The “Hey Siri” detector runs only when the watch motion coprocessor detects a wrist raise gesture, which turns the screen on. At that point there is a lot for WatchOS to do—power up, prepare the screen, etc.—so the system allocates “Hey Siri” only a small proportion (~5%) of the rather limited compute budget. It is a challenge to start audio capture in time to catch the start of the trigger phrase, so we make allowances for possible truncation in the way that we initialize the detector.
Finally, why did Apple choose the phrase ‘Hey Siri’ as the trigger?

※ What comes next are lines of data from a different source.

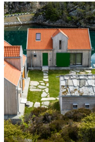
Personlighet og sjarme, forankret i lokal byggeskikk.
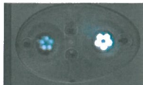
Spot accesi sulla semiellissi
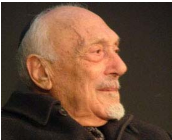
L'ex rabbino capo di Roma Elio Toaff

qualche anno fa da Diego Quaglioni ed Anna Esposito. L'assunto da cui Toaff parte è che le deposizioni degli ebrei sotto processo a Trento siano generalmente veritiere, e questo per la sola ragione che sarebbero troppo concordanti e troppo particolareggiate per essere una pura invenzione dei giudici. Le stesse notazioni potrebbero provare l'opposto, come dimostrano molti processi, non ultimi quelli di stregoneria, in cui le donne sotto processo, richieste (sotto tortura, non importa quanto regolamentata) di denunciare i complici, si diffondono minuziosamente su eventi e narrazioni che sembrano appartenere al loro mondo, non a quello degli inquisitori. Ne dobbiamo dedurre che andare al sabba era una pratica femminile comune tra Trecento e Settecento?». (9)
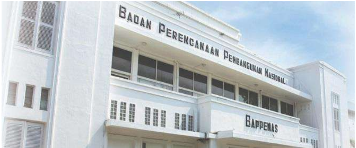
Gambar 1: Gambar Gedung Bappenas Taman Suropati
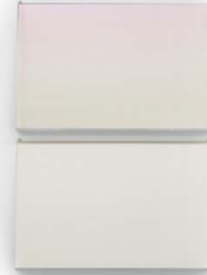
2006 Twin 4 144x99x6 cm Acrylic, aluminium, plastic film
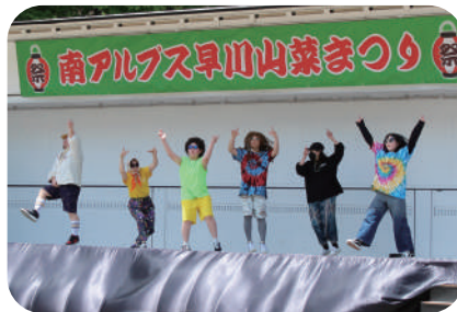
S.D.C.Hのダンスパフォーマンス
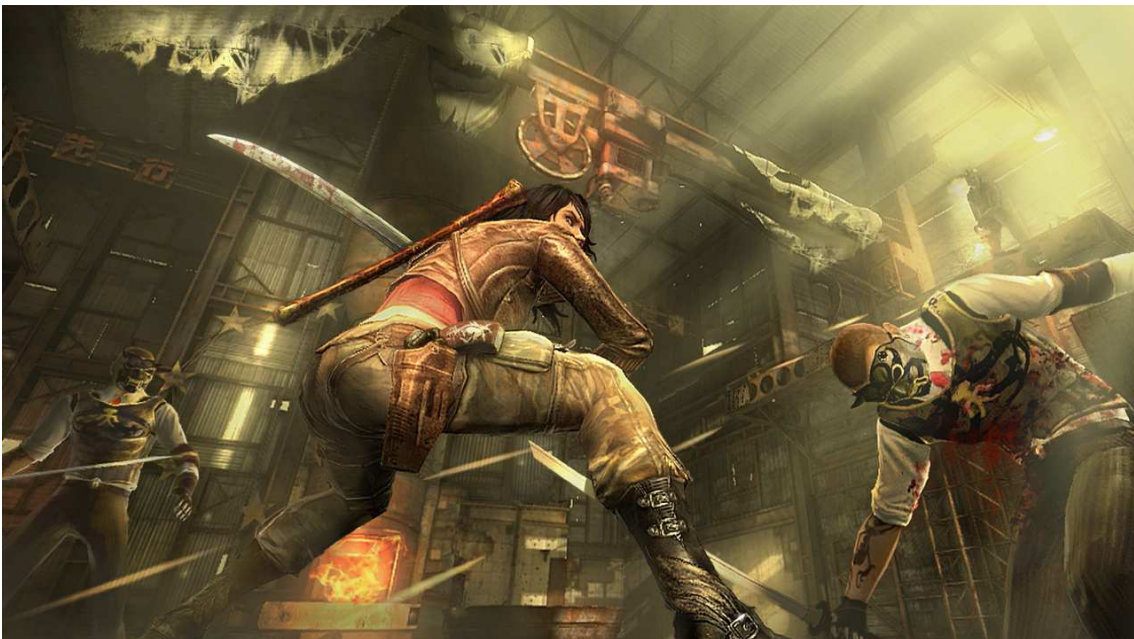
Figura 18- Gameplay utilizando a espada.
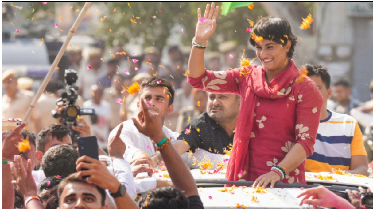
ৰাজনীতিৰ দংগলত প্ৰৱেশ! জয়লাভৰ পিছত সমৰ্থকসকলৰ সৈতে এনেদৰে দেখা গ'ল বিনেশ ফ'গাটক

নতুন দিল্লী, ৮ অক্টোবৰঃ অৱসৰ ঘোষণা কৰিছে অলিম্পিকৰ বাবে যোগ্যতা অৰ্জন কৰা প্ৰথমগৰাকী ভাৰতীয় মহিলা জিমনাষ্ট দীপা কৰ্মকাৰে। ছ'চিয়েল মিডিয়াযোগে আঘাতৰ বাবে অৱসৰ গ্ৰহণৰ কথা ঘোষণা কৰে খেলুৱৈগৰাকীয়ে। এক পোষ্টত তেওঁ কয়, 'বহু চিন্তা আৰু বিচাৰ-বিবেচনাৰ অন্তত মই প্ৰতিযোগিতামূলক জিমনাষ্টিকছৰ পৰা অৱসৰ ল'বলৈ সিদ্ধান্ত লৈছো। এই সিদ্ধান্ত সহজ নহয়। কিন্তু মই ভাবো যে এই সিদ্ধান্তৰ বাবে এয়াই সঠিক সময়।' উল্লেখ্য যে ২০১৬ চনৰ ৰিঅ' অলিম্পিকত দৰ্শনীয় প্ৰদৰ্শন দাঙি ধৰিছিল দীপা কৰ্মকাৰে। কিন্তু মাত্ৰ ০.১৫ পইন্টৰ বাবে পদক লাভত ব্যৰ্থ হয় জিমনাষ্টগৰাকী। অৱসৰৰ কথা ঘোষণা কৰি খেলুৱৈগৰাকীয়ে আৰু কয় যে জনা হোৱাৰে পৰা জিমনাষ্টিক তেওঁৰ জীৱনৰ কেন্দ্ৰবিন্দু হৈ আহিছিল। সেয়ে অৱসৰ ঘোষণা কৰিলেও জিমনাষ্টিকৰ জগতখনৰ সৈতে আজিৰন জড়িত হৈ থাকিব বুলিও তেওঁ মন্তব্য কৰে।

Well before there was a Hey Siri feature, a small proportion of users would say “Hey Siri” at the start of a request, having started by pressing the button. We used such “Hey Siri” utterances for the initial training set for the US English detector model. We also included general speech examples, as used for training the main speech recognizer. In both cases, we used automatic transcription on the training phrases. Siri team members checked a subset of the transcriptions for accuracy.
We created a language-specific phonetic specification of the “Hey Siri” phrase. In US English, we had two variants, with different first vowels in “Siri”—one as in “serious” and the other as in “Syria.”
The full entry is a neat read, especially if you’re interested in speech recognition or use ‘Hey Siri’ on your iPhone or Apple Watch.